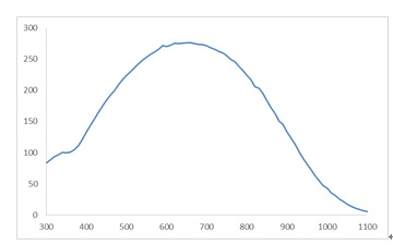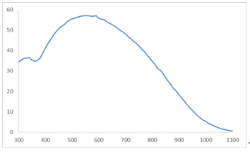 實測(cè)光譜響應曲線                      實測量子效率曲線
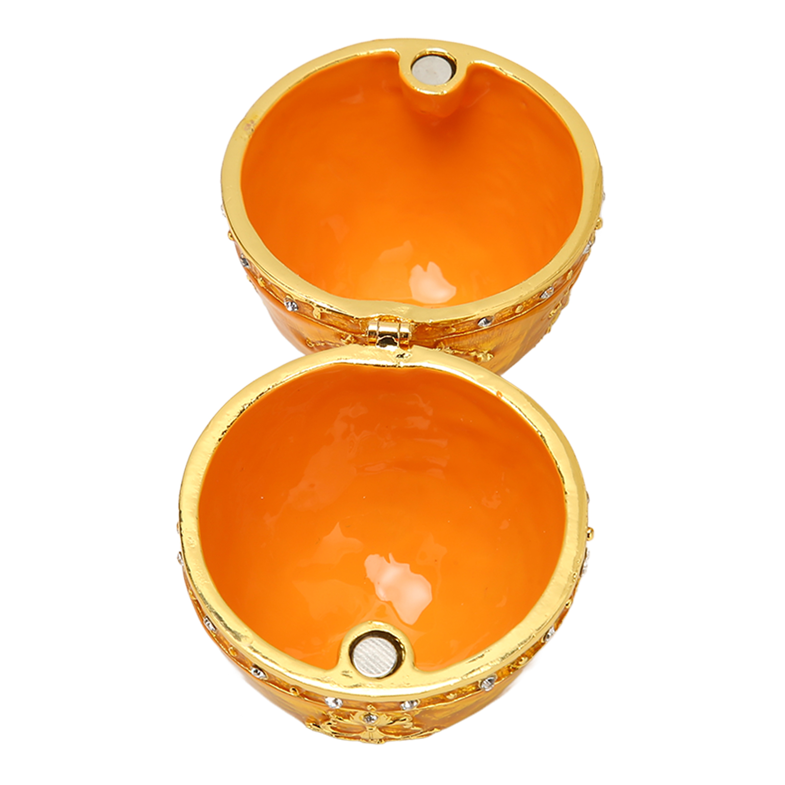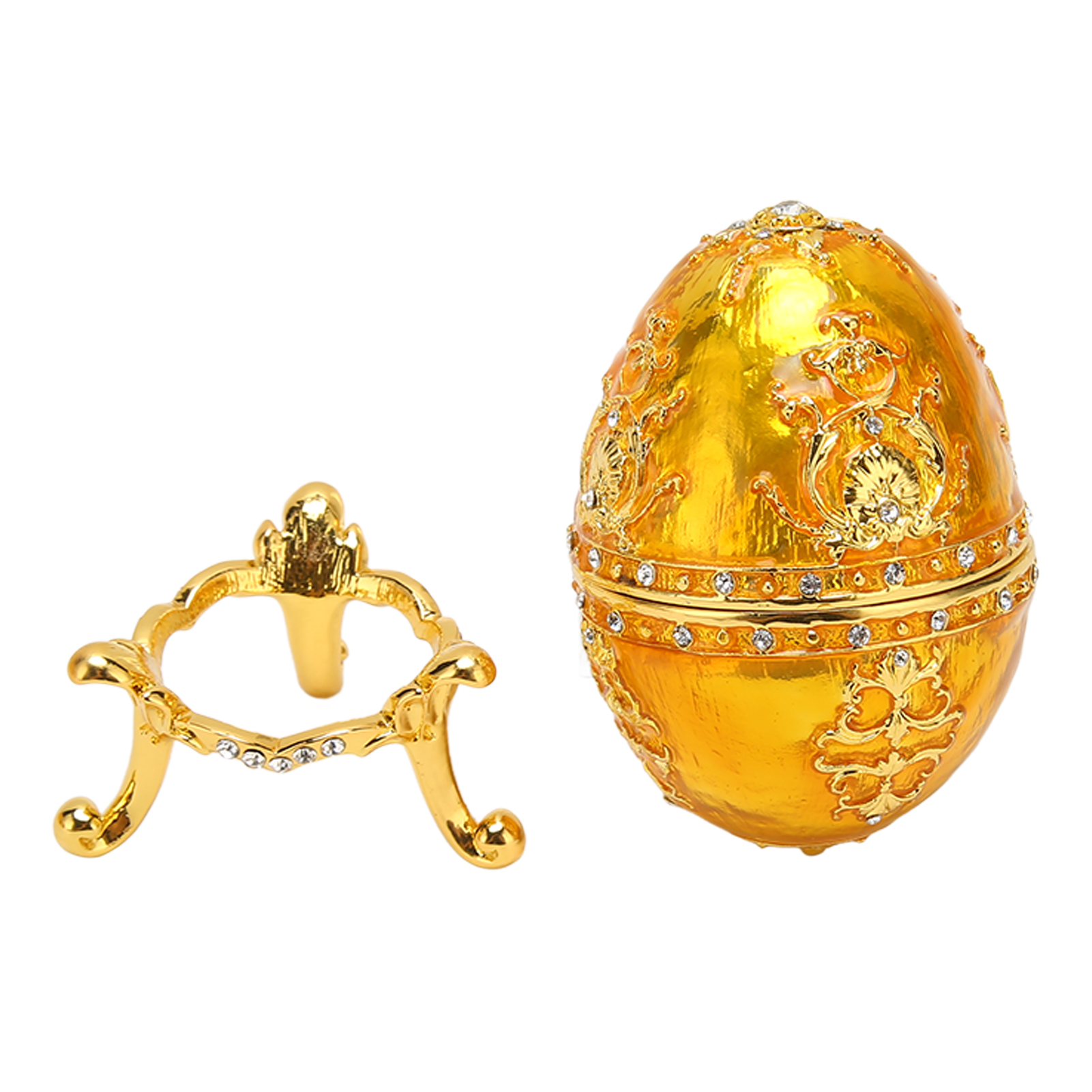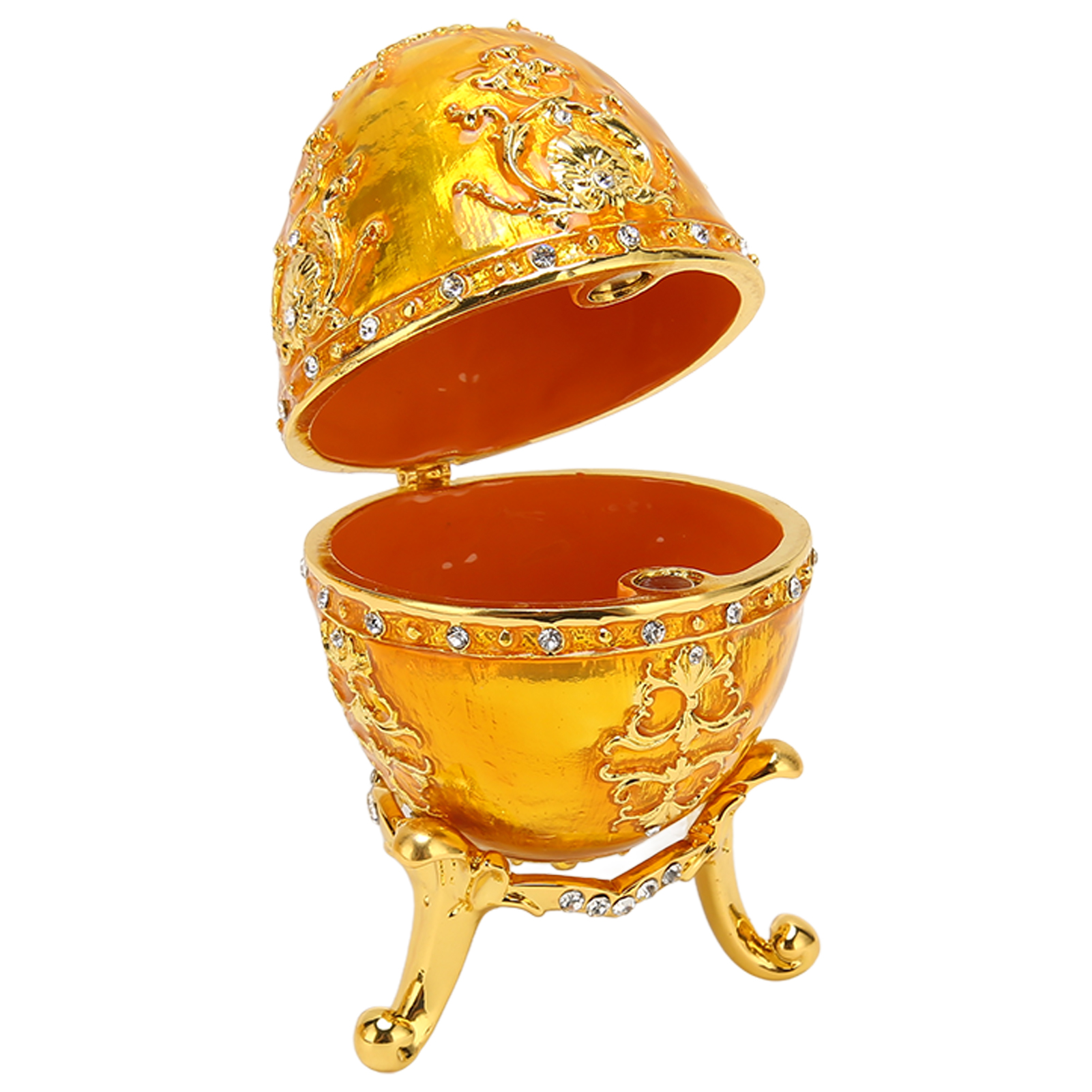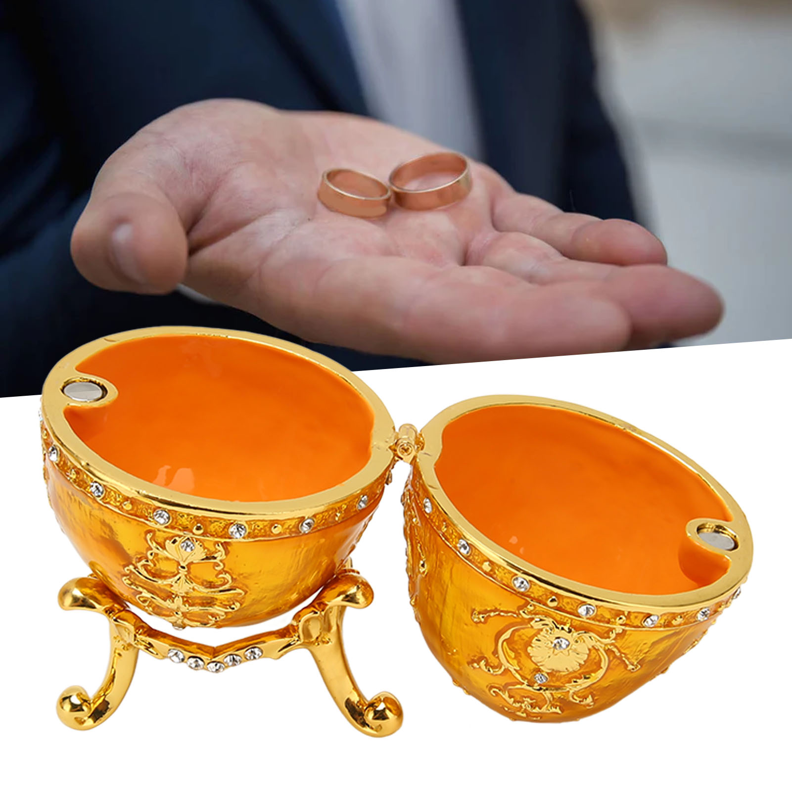 Egg Style Jewelry Trinket Box Zinc Alloy Hand Painted Enameled Decorative Hinged Egg Shaped Trinket Box for Home Decor Gold
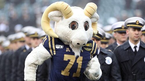 Army v Navy PHILADELPHIA, PENNSYLVANIA - DECEMBER 14: The Navy Midshipmen mascot runs off the field during the march off before the game between the Army Black Knights and the Navy Midshipmen at Lincoln Financial Field on December 14, 2019 in Philadelphia, Pennsylvania. (Photo by Elsa/Getty Images) (Elsa/Getty Images)
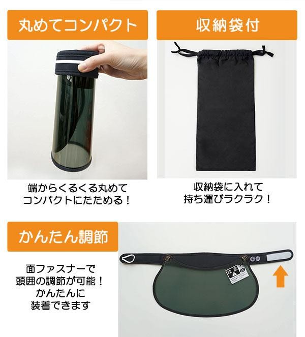UVカット率99%以上!偏光フィルム採用で目にやさしいサンバイザー。使用しない時は、くるっと丸めて収納袋に。 |
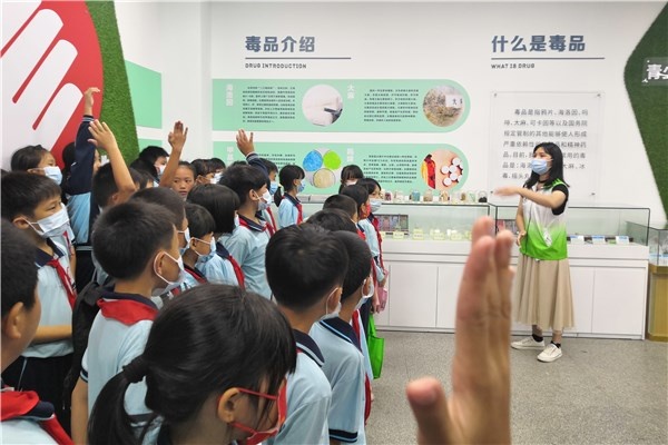 禁毒教育基地的社工化身為講解員,為四(1)班的學生們講解了毒品的歷史、毒品的危害和相關(guān)法律知識,學生們認真聆聽,不時與講解員進行互動。隨后,大家參觀了KTV、監(jiān)獄等多個情景模擬教育區(qū),學習到了許多禁毒方面的知識。學生們紛紛表示要珍惜生命,認清毒品的危害,遠離毒品。

────────

**Problem statement**
Before printing the records again, strip out the pictures; change nothing else.

**Response to the task**
 實測(cè)光譜響應曲線                      實測量子效率曲線
 Egg Style Jewelry Trinket Box Zinc Alloy Hand Painted Enameled Decorative Hinged Egg Shaped Trinket Box for Home Decor Gold
 Army v Navy PHILADELPHIA, PENNSYLVANIA - DECEMBER 14: The Navy Midshipmen mascot runs off the field during the march off before the game between the Army Black Knights and the Navy Midshipmen at Lincoln Financial Field on December 14, 2019 in Philadelphia, Pennsylvania. (Photo by Elsa/Getty Images) (Elsa/Getty Images)
UVカット率99%以上!偏光フィルム採用で目にやさしいサンバイザー。使用しない時は、くるっと丸めて収納袋に。 |
 禁毒教育基地的社工化身為講解員,為四(1)班的學生們講解了毒品的歷史、毒品的危害和相關(guān)法律知識,學生們認真聆聽,不時與講解員進行互動。隨后,大家參觀了KTV、監(jiān)獄等多個情景模擬教育區(qū),學習到了許多禁毒方面的知識。學生們紛紛表示要珍惜生命,認清毒品的危害,遠離毒品。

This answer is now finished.